▶ **Exercise brief**:
Stop at the line containing "下半场开始后,曼联率先发难,库尼亚巧妙做球,B费禁区外射门没能命中目标。": repeat exactly every line of the entries below from the first up to it, plus that line, with pictures omitted.

Source data
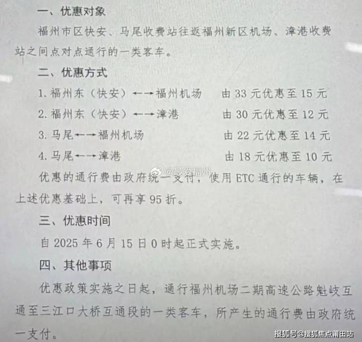 即日起,福州机场高速公路福州东(快安)、马尾收费站往返福州机场、漳港收费站之间点对点通行的一类客车,将享受通行优惠。
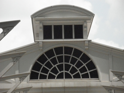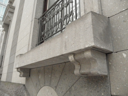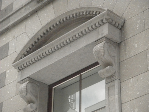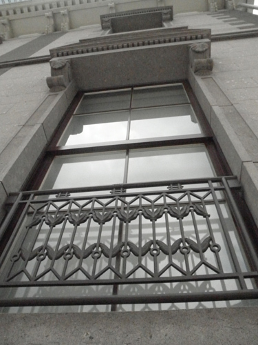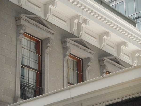 あとは、窓のうえのでっぱりが、一階は半円形で、二階は三角形だった。
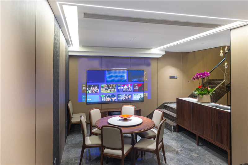 楼梯道装修成小型家庭影院,摆上餐桌,一家人边吃边聊,幻灯片也不占地方;旁边做了独立式洗手台柜体,发挥多重功能。
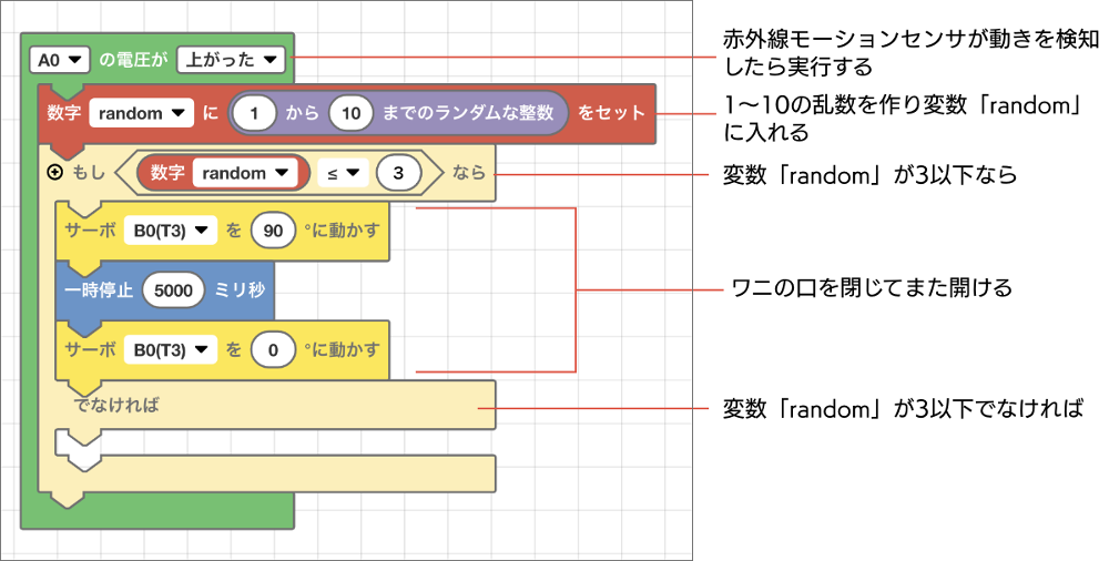 次の図の通り、[《A0》の電圧が《上がった》]ブロックで赤外線モーションセンサの値をチェックし続けます。手をワニの口に入れるとセンサが動きを検知して電圧が上がり、プログラムの実行が始まります。まず、乱数が発生し1〜10のいずれかの整数が変数「random」に入ります。そして、値が3以下ならワニの口が閉じて、そうでなければ口は開いたままになります。
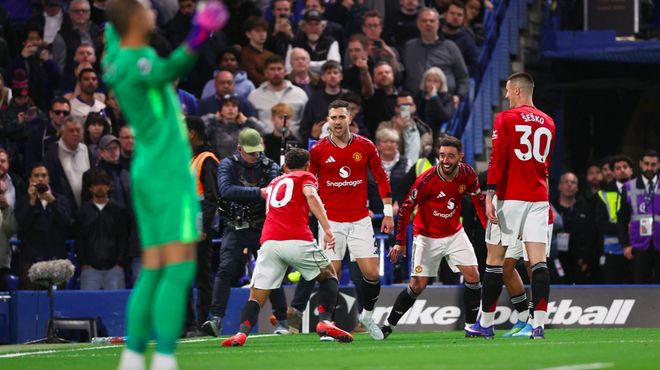 下半场开始后,曼联率先发难,库尼亚巧妙做球,B费禁区外射门没能命中目标。
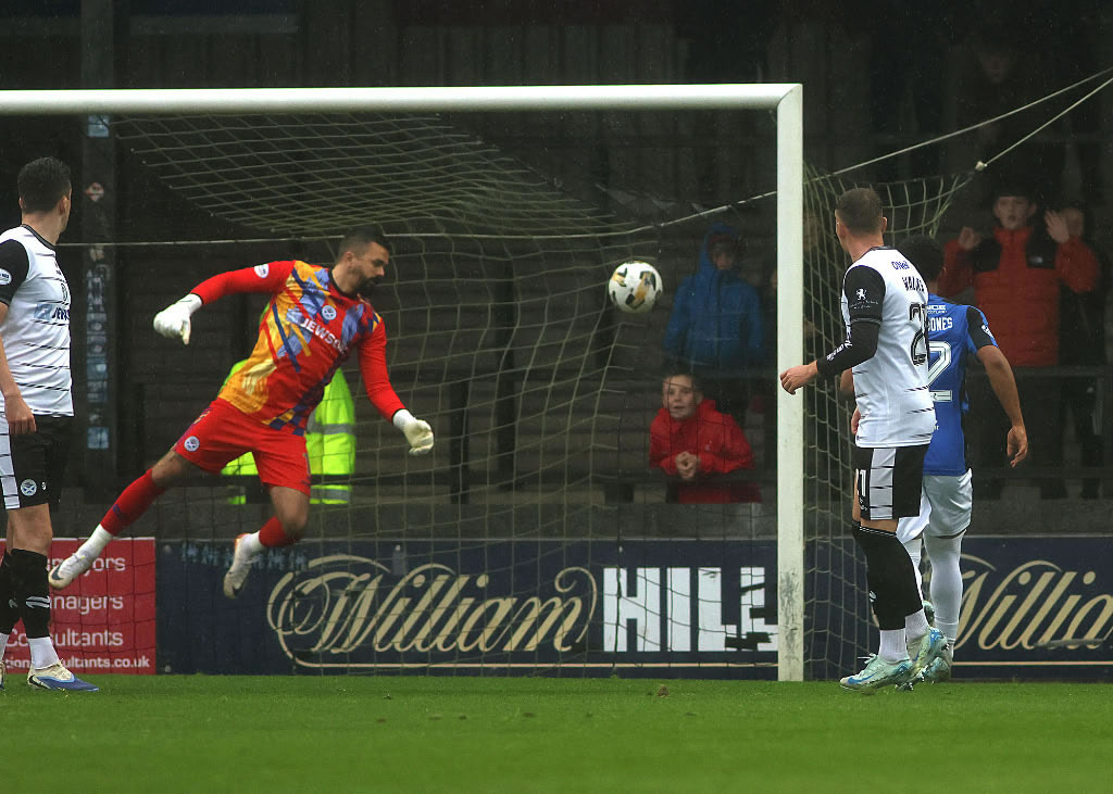 ... Charlie Telfer's free kick beats the wall. 4-2
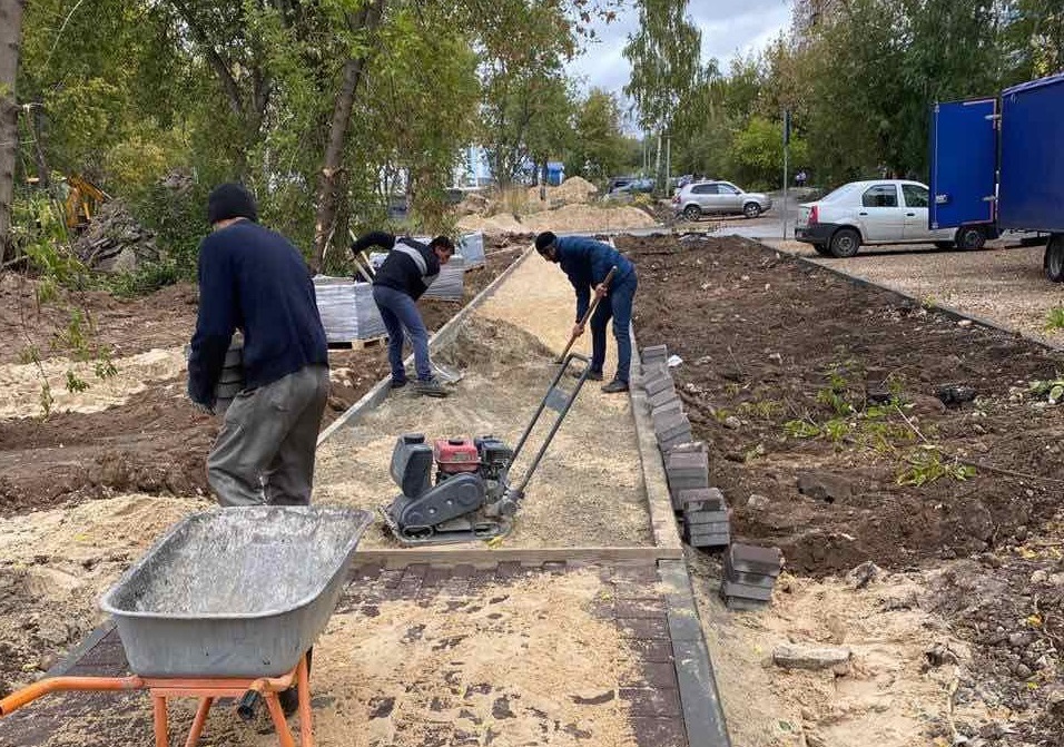 Глава администрации Московского района Владимир Кропотин уточнил, что на данный момент на 65% дорожек уже уложена брусчатка, велодорожка готова также на 65%, бордюры установлены на 70%. Также в рамках контракта нужно установить малые архитектурные формы, разбить газоны и цветники, высадить деревья и кустарники.
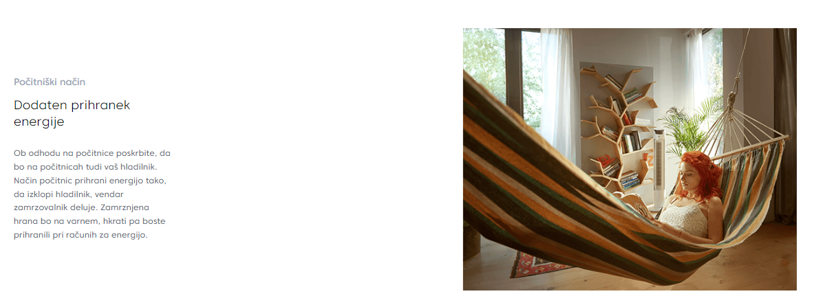 Za dodatno udobje poskrbi TFT zaslon, ki je združen z elektronskim upravljanjem. Hladilnik je opremljen s tehnologijami, kot so Eko funkcija in Način počitnice, ki prispevajo k njegovi energetski učinkovitosti.
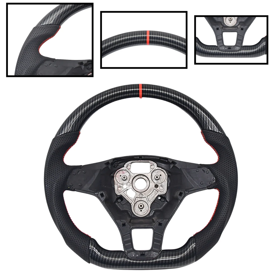 • Stylish copy carbon-finish steering wheel for VW Polo, Vento, and Ameo (2014–2023) • Flat-bottom sporty design enhances grip and interior aesthetics • ABS base with printed carbon finish offers durability and premium look • Compatible with OEM airbag and steering-mounted controls • Optional red top marker and colored stitching available (variant dependent) • Easy replacement with professional installation recommended
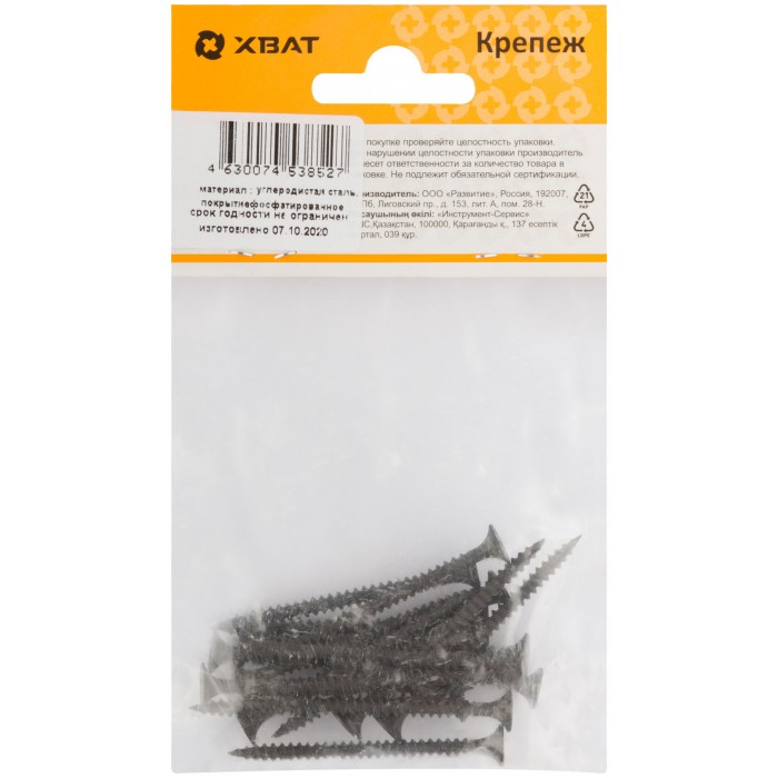 Фосфатированный. Предназначен для крепления материалов к основанию без предварительного сверления. Основная область применения – крепление листов гипсокартона к профилям из листового металла толщиной до 0,9 мм. Частый шаг резьбы.

▶ **Result of the task**:
 即日起,福州机场高速公路福州东(快安)、马尾收费站往返福州机场、漳港收费站之间点对点通行的一类客车,将享受通行优惠。
 あとは、窓のうえのでっぱりが、一階は半円形で、二階は三角形だった。
 楼梯道装修成小型家庭影院,摆上餐桌,一家人边吃边聊,幻灯片也不占地方;旁边做了独立式洗手台柜体,发挥多重功能。
 次の図の通り、[《A0》の電圧が《上がった》]ブロックで赤外線モーションセンサの値をチェックし続けます。手をワニの口に入れるとセンサが動きを検知して電圧が上がり、プログラムの実行が始まります。まず、乱数が発生し1〜10のいずれかの整数が変数「random」に入ります。そして、値が3以下ならワニの口が閉じて、そうでなければ口は開いたままになります。
 下半场开始后,曼联率先发难,库尼亚巧妙做球,B费禁区外射门没能命中目标。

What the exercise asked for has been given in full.